**What this task involves**
Output each line exactly as written, from the first line of the records to the line bearing "ทีมช่างมืออาชี", inclusive, while leaving every picture out.

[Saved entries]
-- -- --
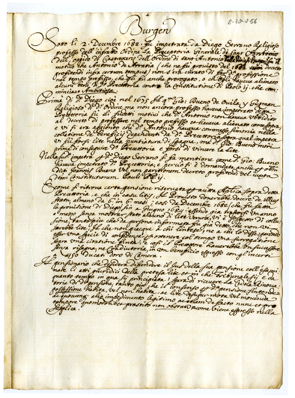 Difesa del legittimo possesso della precettoria generale di Sant'Antonio di Burgos da parte del religioso Diego Serrano
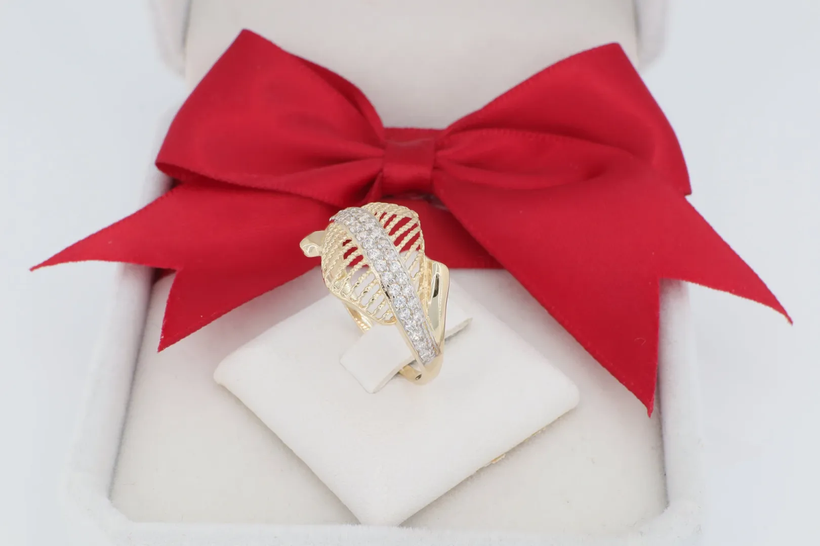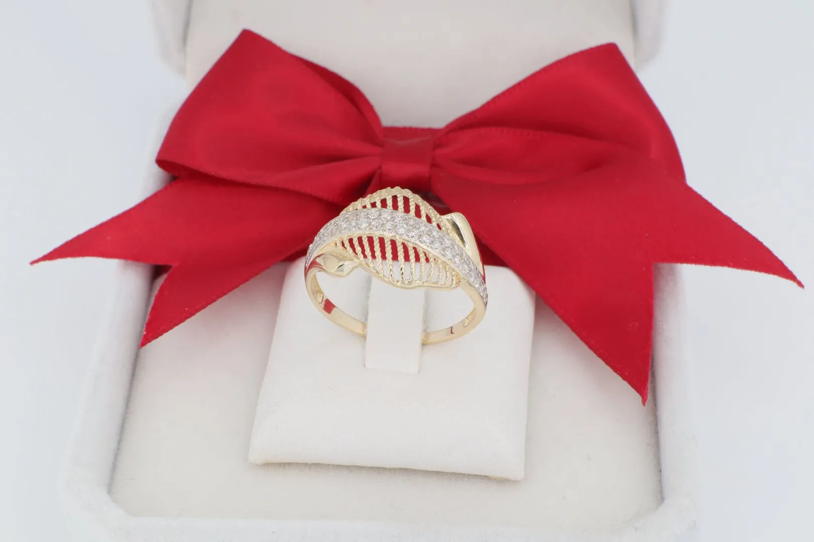A gy1603-as Női Arany Gyűrű (14 karátos) a merész és légies formatervezés kivételes ötvözete. A gyűrű feje egy stilizált, toll motívumra emlékeztető, széles, ívelt design. A tollazatot két sávban futó, pave foglalatos cirkónia kövek alkotják, amelyek között finom, áttört arany szálak biztosítják a légies, pehelykönnyű megjelenést. Az ékszer modern, organikus formája és a kövek intenzív csillogása egy valódi statement ékszert eredményez, amely a szabadságot és a finom eleganciát szimbolizálja.
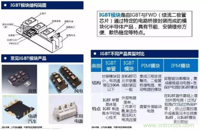 IGBT模塊是由IGBT與FWD(續(xù)流二極管芯片)通過特定的電路橋接封裝而成的模塊化半導(dǎo)體產(chǎn)品,具有節(jié)能、安裝維修方便、散熱穩(wěn)定等特點。
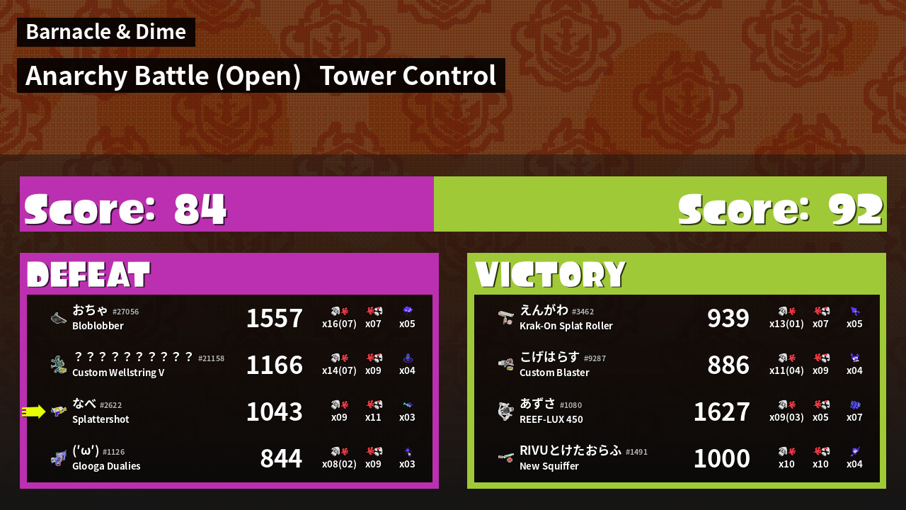 | Mode | Tower Control - Anarchy Battle (Open) | ||
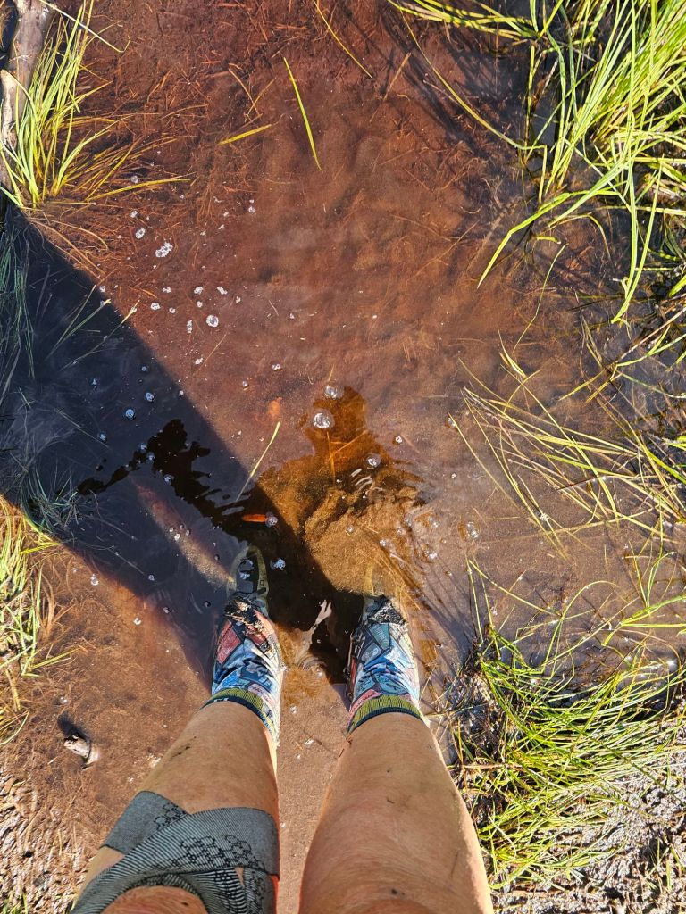 Today was HARD! Wet feet and an uphill scramble over boulders. If it was this time last year, there would be no way I’d be able to have hoisted myself up and over some of these boulders, logs and crags. My shoulder would not have been healed enough to do all that is being required of us.
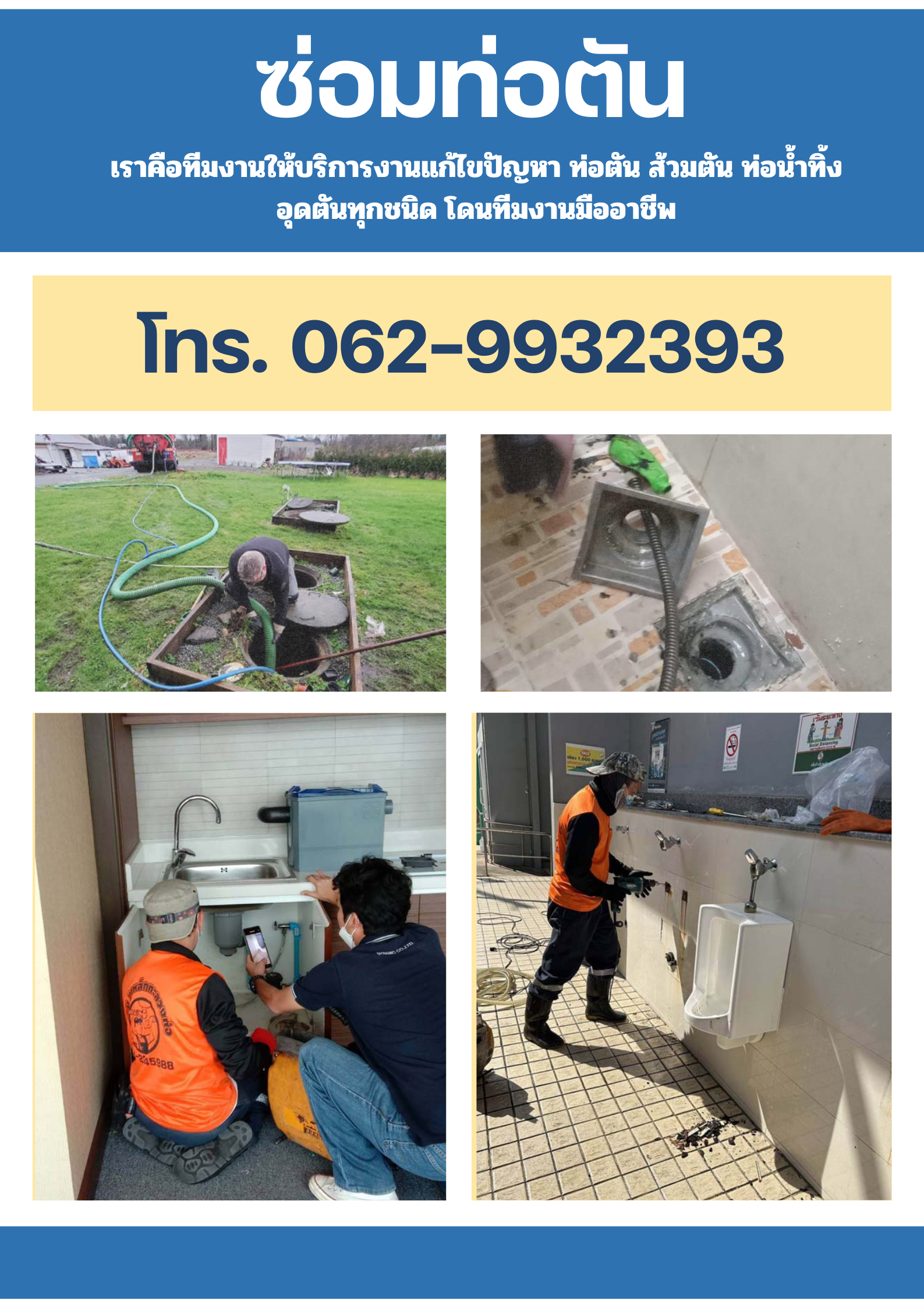 ทีมช่างมืออาชีพ: เรามีทีมช่างที่มีประสบการณ์และความเชี่ยวชาญในการแก้ไขปัญหาท่อตันทุกประเภท
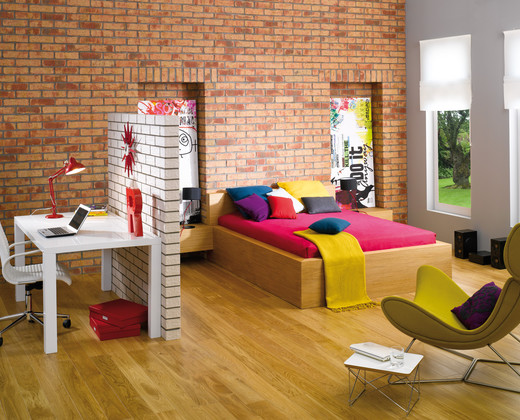 The use of building materials, guaranteeing not only an interesting and attractive appearance of the building, but also ensuring excellent thermal insulation and resistance to various types of damage – such assumptions were adopted by investors. Based on these guidelines, the pearl white smooth clinker brick Oslo by Röben was selected for the façade from the collection of imported products. Its unique color definitely deviates from the most common associations with the typical color of clinker bricks. The bright color of the clinker underlines the contemporary character of the design, and the dark color of the grout – the pattern of bricks in the wall. The brick façade is a surface of a three-layer wall construction, which constitutes a visible protective surface, providing the desired aesthetic effect. It consists of hollow blocks, mineral wool and a clinker façade. The use of three-layer wall technology is another consequence of the assumptions made by investors to make the house warm and energy-efficient. It can also be seen in the selection of products for the roof, which was covered with anthracite ceramic tiles.
-- -- --
**Reply**
 Difesa del legittimo possesso della precettoria generale di Sant'Antonio di Burgos da parte del religioso Diego Serrano
A gy1603-as Női Arany Gyűrű (14 karátos) a merész és légies formatervezés kivételes ötvözete. A gyűrű feje egy stilizált, toll motívumra emlékeztető, széles, ívelt design. A tollazatot két sávban futó, pave foglalatos cirkónia kövek alkotják, amelyek között finom, áttört arany szálak biztosítják a légies, pehelykönnyű megjelenést. Az ékszer modern, organikus formája és a kövek intenzív csillogása egy valódi statement ékszert eredményez, amely a szabadságot és a finom eleganciát szimbolizálja.
 IGBT模塊是由IGBT與FWD(續(xù)流二極管芯片)通過特定的電路橋接封裝而成的模塊化半導(dǎo)體產(chǎn)品,具有節(jié)能、安裝維修方便、散熱穩(wěn)定等特點。
 | Mode | Tower Control - Anarchy Battle (Open) | ||
 Today was HARD! Wet feet and an uphill scramble over boulders. If it was this time last year, there would be no way I’d be able to have hoisted myself up and over some of these boulders, logs and crags. My shoulder would not have been healed enough to do all that is being required of us.
 ทีมช่างมืออาชีพ: เรามีทีมช่างที่มีประสบการณ์และความเชี่ยวชาญในการแก้ไขปัญหาท่อตันทุกประเภท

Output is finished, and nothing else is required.